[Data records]
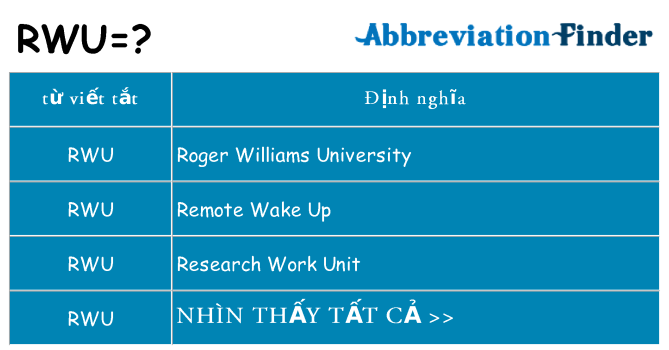 Như đã đề cập ở trên, bạn sẽ thấy tất cả các ý nghĩa của RWU trong bảng sau. Xin biết rằng tất cả các định nghĩa được liệt kê theo thứ tự bảng chữ cái.Bạn có thể nhấp vào liên kết ở bên phải để xem thông tin chi tiết của từng định nghĩa, bao gồm các định nghĩa bằng tiếng Anh và ngôn ngữ địa phương của bạn.
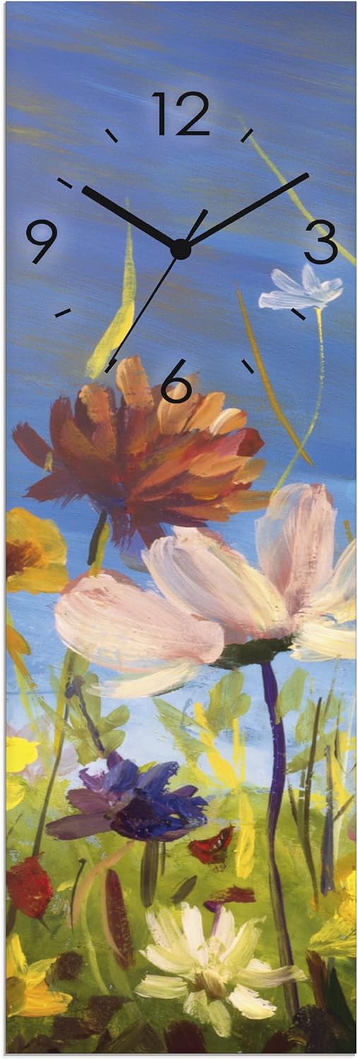 ARTLAND Wanduhr ohne Tickgeräusche Glas Quarzuhr 20x60 cm Rechteckig Lautlos Blumenbilder Natur Blum
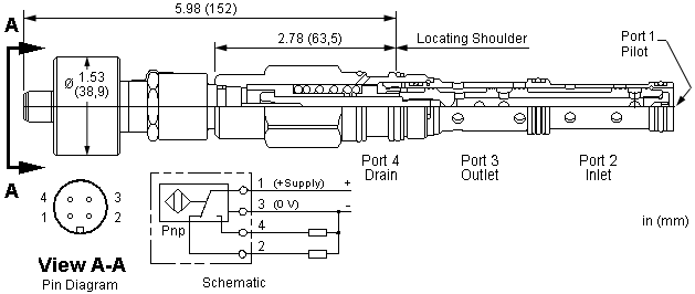 此阀是2位2通比例节流阀.口2、3和口4、5常闭。口1先导压力抵抗弹簧力会在口2、3到口4、5方向上形成一个与口1压力大小成比例的可变节流口。节流口有一定程度的自补偿效果。此阀使用双通道设计。口2、3、4、5结合而形成口2、3和口4、5。一双口可看成单独区域来对待。此阀利用切换活塞来保证阀可靠关闭。
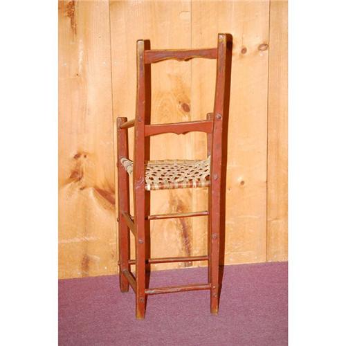 PAINTED PRIMITIVE YOUTHS HIGHCHAIR - 19TH CENT. YOUTH LADDERBACK HIGHCHAIR W/ 2 SHAPED RUNGS, SQUARE LEGS & BACK RAILS, SLANTED ROD ARMS & REPLACED WOVEN GUT SEAT RED PAINT (PROB. CANADIAN)(36" T X 13" W X 12" D)-WEAR & PAINT & OTHER LOSSES, IMPERFECTIONS
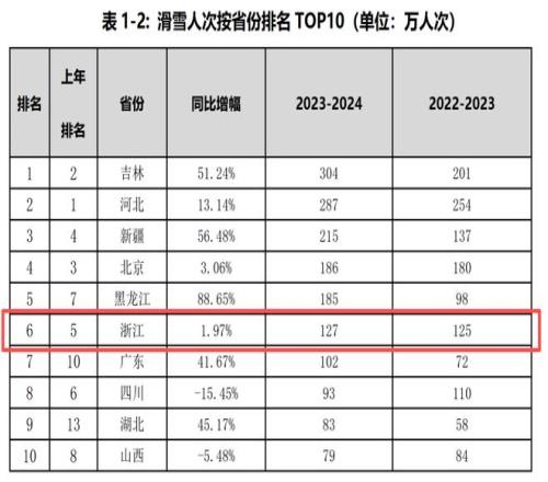 浙江滑雪人次在全國省份排名第六。(圖/《2023—2024中國滑雪產(chǎn)業(yè)白皮書》截圖)
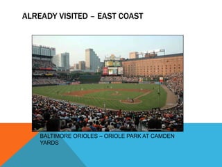 The document lists several Major League Baseball teams and their home stadiums that the author has already visited on the East Coast, Midwest, and West Coast. It also notes upcoming visits to see the Pittsburgh Pirates at PNC Park, the Washington Nationals at National Park, the Atlanta Braves at Turner Field, and the Boston Red Sox at Fenway Park.
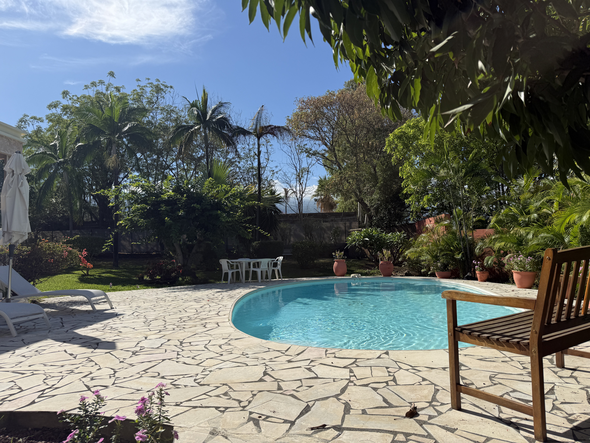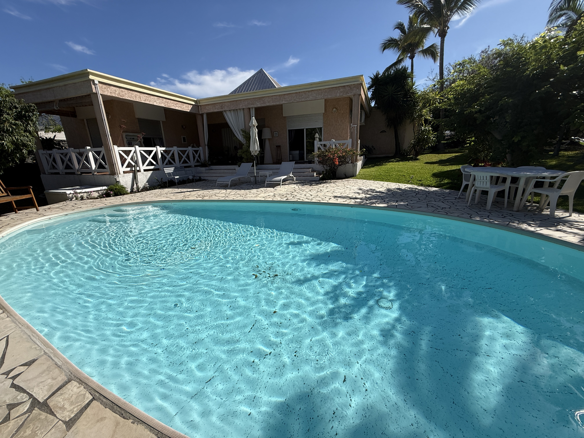 Dès l'entrée, vous serez immédiatement captivé par le vaste jardin verdoyant, véritable écrin de nature, méticuleusement entretenu par les propriétaires. Le terrain se compose d'arbres emblématiques de La Réunion : Palmiers majestueux qui bordent élégamment la propriété, Manguier, Litchi offrant un charme tropical unique. Cet espace extérieur procure une sensation de bien-être, d'intimité et de liberté. Il représente un véritable atout, tant pour les amoureux de la nature que pour les familles souhaitant disposer d'un grand espace sécurisé. La maison dispose d'une piscine, entourée de plages aménagées, permettant de profiter de moments de détente en famille ou entre amis. Les varangues, d'une superficie de 45 m2, prolongent harmonieusement l'espace intérieur vers le jardin, créant un lieu convivial idéal pour les repas, les soirées d'été ou tout simplement.
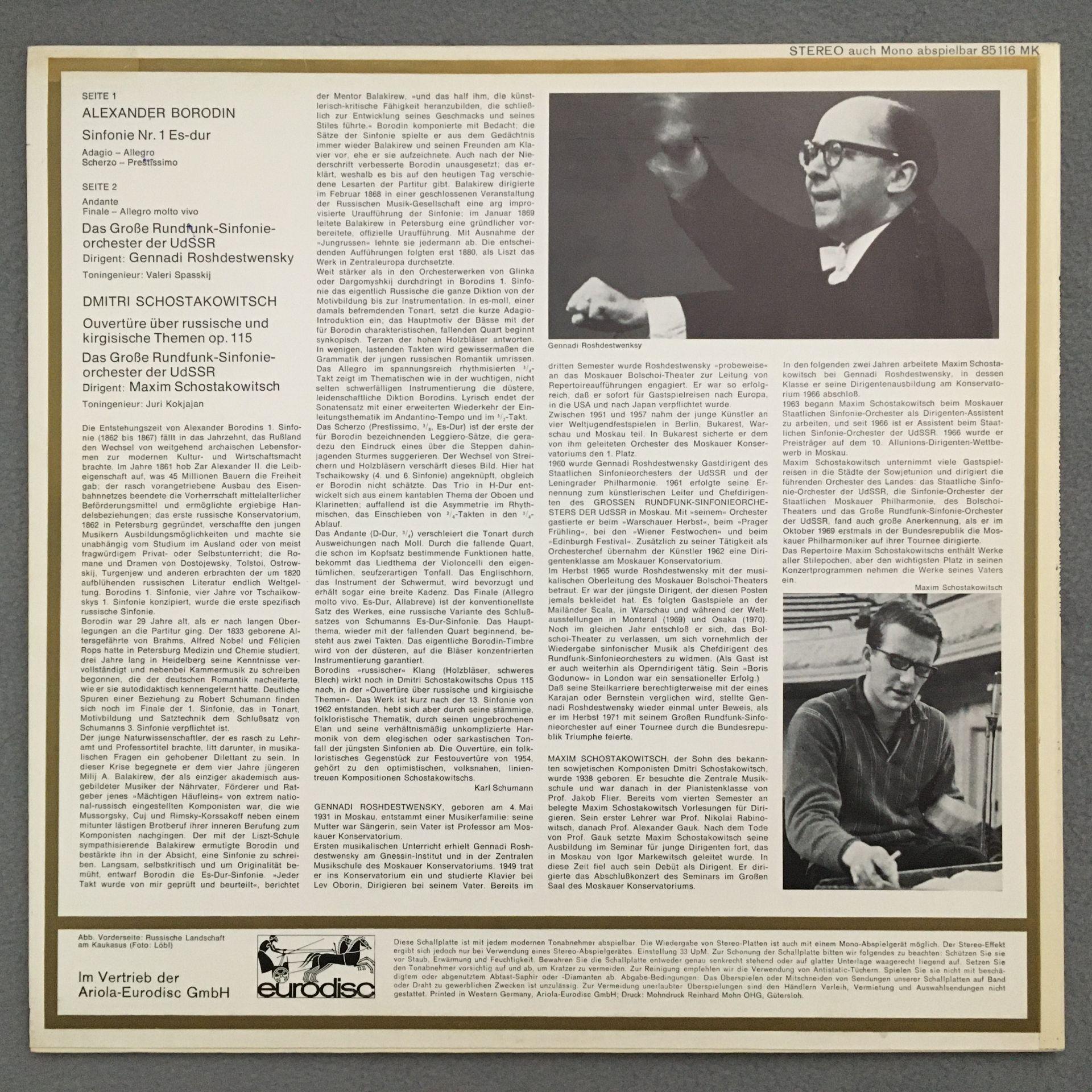 L198 Borodin Symphony No.1 Shostakovitch Eurodisc 85 116 MK Stereo
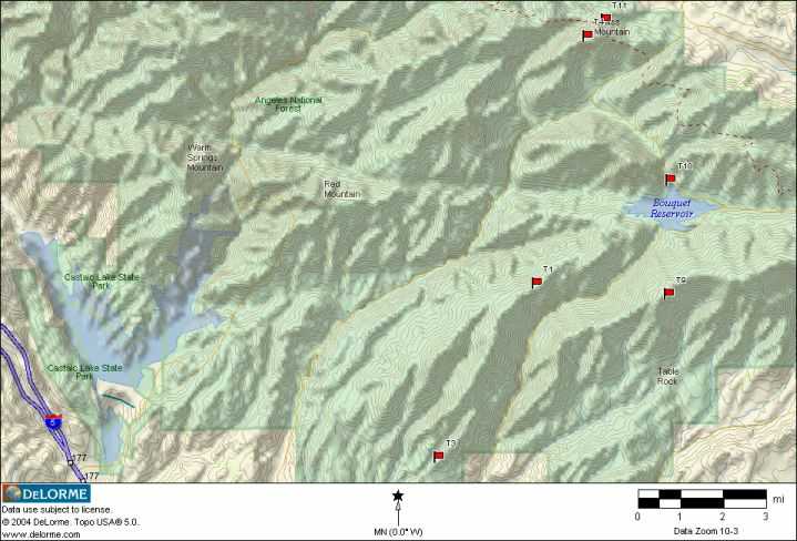 T9 (5 mW, vert, 11-element beam) was 6 miles up the southern end of 6N07 from Bouquet Cyn and was on the east side of the ridge. The idea I was going for was to reduce the output power, aim the signal toward the 5/14 interchange and not have it heard at T1. T4 (300 mW, duckie) was on Grass Mt. T11 (50 mW, duckie) was near by on 6N04 a little farther past the cut off to Grass Mt. T10 (50 mW duckie) was in at a small turn out at the north end of Bouquet Reservoir.
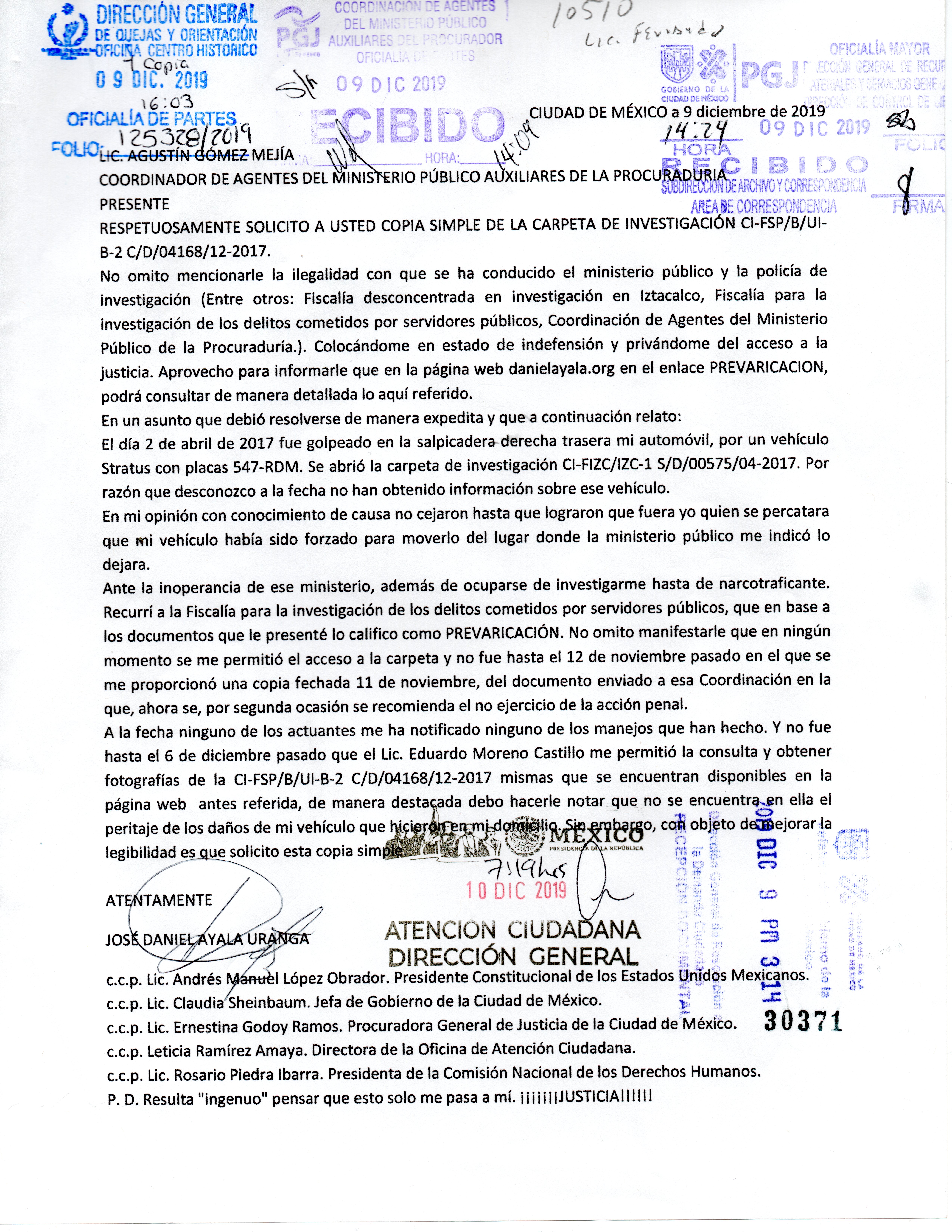 El 9 de diciembre de 2019 solicité copia simple de la carpeta de investigación CI-FSP/B/UI-B-2 C/D/04168/12-2017, ante la ilegibilidad de algunas de las fotografías. Que me impiden hacer un estudio detallado, de las tres C.I. ahí incluidas, sin embargo, deciden volver a negarme el acceso NUEVAMENTE , ya que no se me ha notificado ninguna de las actuaciones, hasta en tanto "se presente la promovente". "ESTO ES HASTA QUE NUEVAMENTE SE COLUDAN Y ME IMPIDAN EL ACCESO A LA JUSTICIA.""Notablemente el peritaje llevado a cabo en mi domicilio la noche del día que me fue entregado mi vehículo, así como el hecho de que el lugar donde deje mi vehiculo es tan próximo a las oficinas del ministerio público, que resulta poco creible que no se hayan dado cuenta de quien lo daño. Y la no investigación del vehículo que se encontraba estacionado adelante de mi.Y que en este momento se encuentra en proceso de abandono y daño justo frente al ministerio público. "

__EXERCISE DESCRIPTION__: All lines above from the one containing "PAINTED PRIMITIVE YOUTHS" up to and including the one containing "The document lists" are to be set down exactly, and nothing else. Leave images out.

__SOLUTION TO THIS PROBLEM__:
 PAINTED PRIMITIVE YOUTHS HIGHCHAIR - 19TH CENT. YOUTH LADDERBACK HIGHCHAIR W/ 2 SHAPED RUNGS, SQUARE LEGS & BACK RAILS, SLANTED ROD ARMS & REPLACED WOVEN GUT SEAT RED PAINT (PROB. CANADIAN)(36" T X 13" W X 12" D)-WEAR & PAINT & OTHER LOSSES, IMPERFECTIONS
 浙江滑雪人次在全國省份排名第六。(圖/《2023—2024中國滑雪產(chǎn)業(yè)白皮書》截圖)
 The document lists several Major League Baseball teams and their home stadiums that the author has already visited on the East Coast, Midwest, and West Coast. It also notes upcoming visits to see the Pittsburgh Pirates at PNC Park, the Washington Nationals at National Park, the Atlanta Braves at Turner Field, and the Boston Red Sox at Fenway Park.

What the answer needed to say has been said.